You would be amazed at thenumber of people who bring their kids to an expo and end up buying their first bearded dragon over the next 12 months. I know of at least 5 people I know personally. The kids just fall in love with them.


----------



## hawkesbury reptiles (Mar 17, 2010)

See you there...

kelly


----------



## jamz1378 (Mar 18, 2010)

dose anyone have any idea if there will ever be any reptile shows in good old South Australia


----------



## FAY (Mar 18, 2010)

bumperooney


----------



## Aslan (Mar 19, 2010)

*Jamz *- If you have any local Herp Clubs down there they are the people to ask as it is the generally the individual Herp Clubs that organise them themselves...


----------



## JasonL (Mar 19, 2010)

jamz1378 said:


> dose anyone have any idea if there will ever be any reptile shows in good old South Australia



NSW is the only organised herpers state, and Qld just copied us. :lol:


----------



## Ramsayi (Mar 19, 2010)

jamz1378 said:


> dose anyone have any idea if there will ever be any reptile shows in good old South Australia



You could try joining your local herp society and asking if they would look at hosting one.Volunteer some of your time to help organise it and perhaps get some of your mates to do likewise.


----------



## Peter-Birch (Mar 19, 2010)

See you there............


----------



## krefft (Mar 19, 2010)

can't wait. see you all there


----------



## mouse_has_faith (Mar 20, 2010)

See you all there tomorrow!  I can't wait to see all the reppies.


----------



## SnakeyTroy (Mar 20, 2010)

The Hawkesbury show is going to be awesome guys. we are setting up tonight. looks like everything is just about ready to go. Can't wait to see you all there tomorrow.


----------



## FAY (Mar 20, 2010)

Should be great.

Will see you there tomorrow Aslan....haven't seen you in ages!!!


----------



## Sterlo (Mar 20, 2010)

will be pretty good


----------



## mike83 (Mar 20, 2010)

Can't wait should be a great day.


----------



## benson (Mar 20, 2010)

Agree, it should be a GREAT day.
Hope to see many there.


----------



## VickiR (Mar 20, 2010)

Hi all,

Does anyone know what stall John Mostyn or Michael Gill will be at?

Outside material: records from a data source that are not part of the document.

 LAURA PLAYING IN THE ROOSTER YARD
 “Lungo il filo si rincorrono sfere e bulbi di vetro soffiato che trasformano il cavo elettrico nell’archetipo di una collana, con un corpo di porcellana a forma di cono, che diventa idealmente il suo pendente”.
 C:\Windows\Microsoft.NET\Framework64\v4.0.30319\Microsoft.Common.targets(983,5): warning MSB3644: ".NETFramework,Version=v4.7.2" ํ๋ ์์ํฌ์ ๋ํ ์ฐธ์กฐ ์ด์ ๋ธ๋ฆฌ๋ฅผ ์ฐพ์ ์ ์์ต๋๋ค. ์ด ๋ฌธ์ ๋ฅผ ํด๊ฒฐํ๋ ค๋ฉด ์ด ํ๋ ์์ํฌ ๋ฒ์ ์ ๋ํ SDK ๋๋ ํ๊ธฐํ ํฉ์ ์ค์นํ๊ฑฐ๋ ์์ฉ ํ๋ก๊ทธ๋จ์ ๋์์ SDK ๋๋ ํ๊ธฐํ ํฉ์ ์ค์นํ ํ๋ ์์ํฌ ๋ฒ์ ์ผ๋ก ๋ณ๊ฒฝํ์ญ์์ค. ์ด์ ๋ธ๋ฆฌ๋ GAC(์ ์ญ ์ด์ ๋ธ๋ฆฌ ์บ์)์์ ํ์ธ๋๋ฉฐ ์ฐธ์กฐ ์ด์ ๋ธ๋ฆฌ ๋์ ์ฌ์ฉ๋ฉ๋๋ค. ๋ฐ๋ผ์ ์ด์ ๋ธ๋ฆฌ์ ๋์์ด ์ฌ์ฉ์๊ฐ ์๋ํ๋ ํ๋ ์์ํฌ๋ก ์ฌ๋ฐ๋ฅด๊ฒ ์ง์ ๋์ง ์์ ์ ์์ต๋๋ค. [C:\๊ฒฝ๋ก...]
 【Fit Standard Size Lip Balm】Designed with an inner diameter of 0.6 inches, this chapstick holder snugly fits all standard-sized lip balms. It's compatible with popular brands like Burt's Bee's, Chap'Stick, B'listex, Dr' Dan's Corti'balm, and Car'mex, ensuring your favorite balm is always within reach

as Im bringing my little guy (central netted dragon) to be sexed.


----------



## mike83 (Mar 21, 2010)

Just got back from the expo was a good day very warm inside but overall was great


----------



## mouse_has_faith (Mar 21, 2010)

Ditto, just got back- had a great time, there were so many lovely animals there!!  It was really warm inside the stadium. It was good to see so many people attending.


----------



## mike83 (Mar 21, 2010)

A lot of beardies for sale hahah, I loved the GTP's


----------



## VickiR (Mar 21, 2010)

We went today.. Wow there were alot of beardies, 
Very warm inside, glad i wasnt there all day, I would of died!.
It was a great turn out,
so many helpful breeders,






mike83 said:


> A lot of beardies for sale hahah, I loved the GTP's


----------



## Aslan (Mar 21, 2010)

The Expo was GREAT.

Was a great effort by Hawkesbury to get off to such a good start.

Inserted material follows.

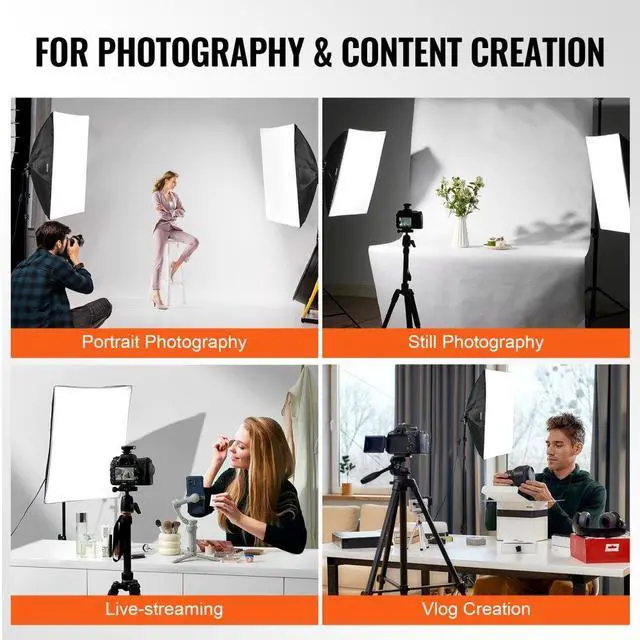 VEVOR Softbox Lighting Kit 20 in x 28 in 30W 5500K LED Bulbs Adjustable Stand
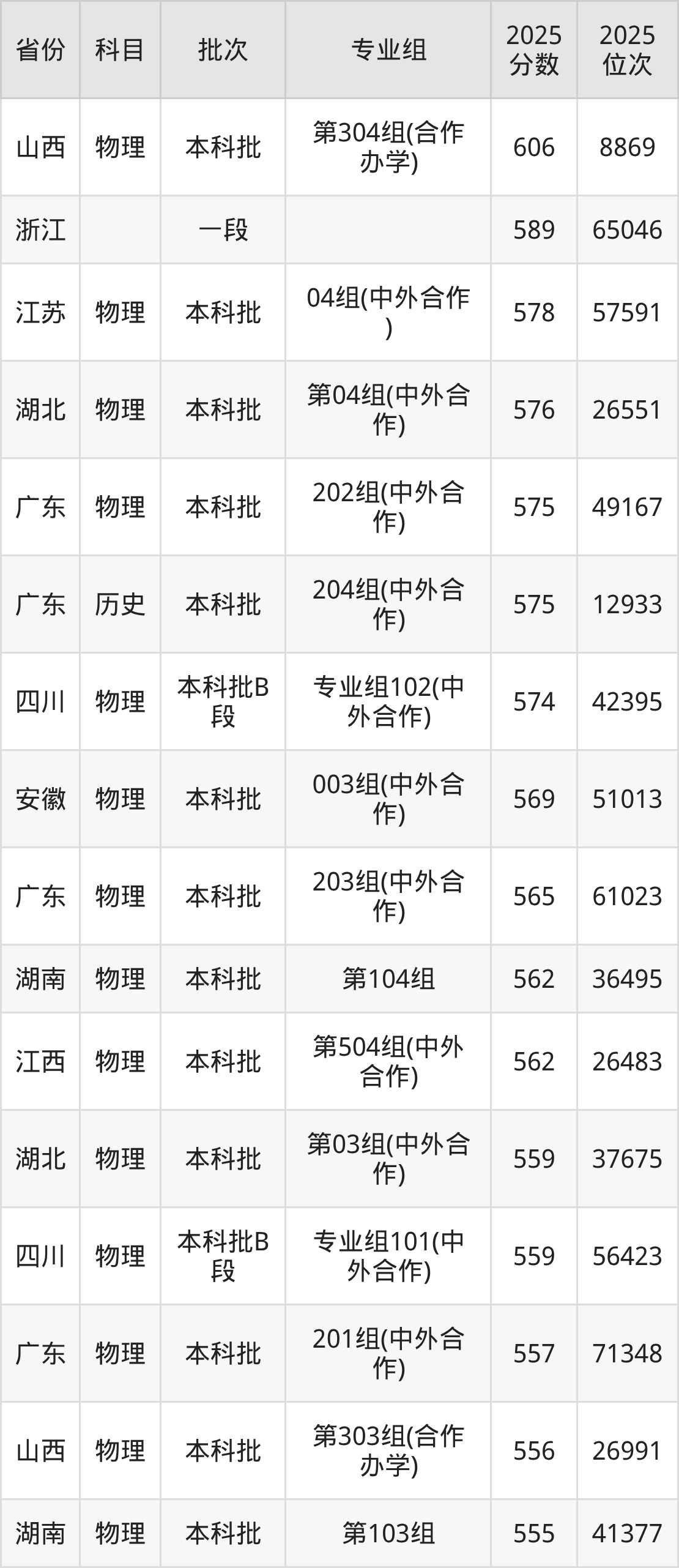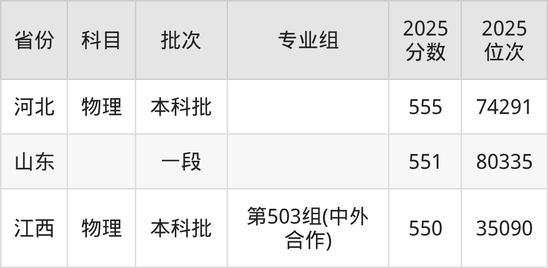 2025年深圳北理莫斯科大学全国录取分数线550分到606分,录取最高在山西(第304组(合作办学))、录取最低在江西(第503组(中外合作))。

It was warm inside, but thats what you get when an unseasonably hot day strikes I guess.

I would have liked to have seen more animals on display and maybe been able to get a little closer to the displays (was difficult to see much in detail).

I was, however, very impressed with the quality and selection of animals for sale - and it appeared the rest of the crowd was as well as there were a lot of people hanging around those tables most of the days.

The commercial stalls seemed a little light on customers, though in saying that I did still pump a little cash into them myself so if a few others did the same they might have managed to pull some cash - I would love to know how they went...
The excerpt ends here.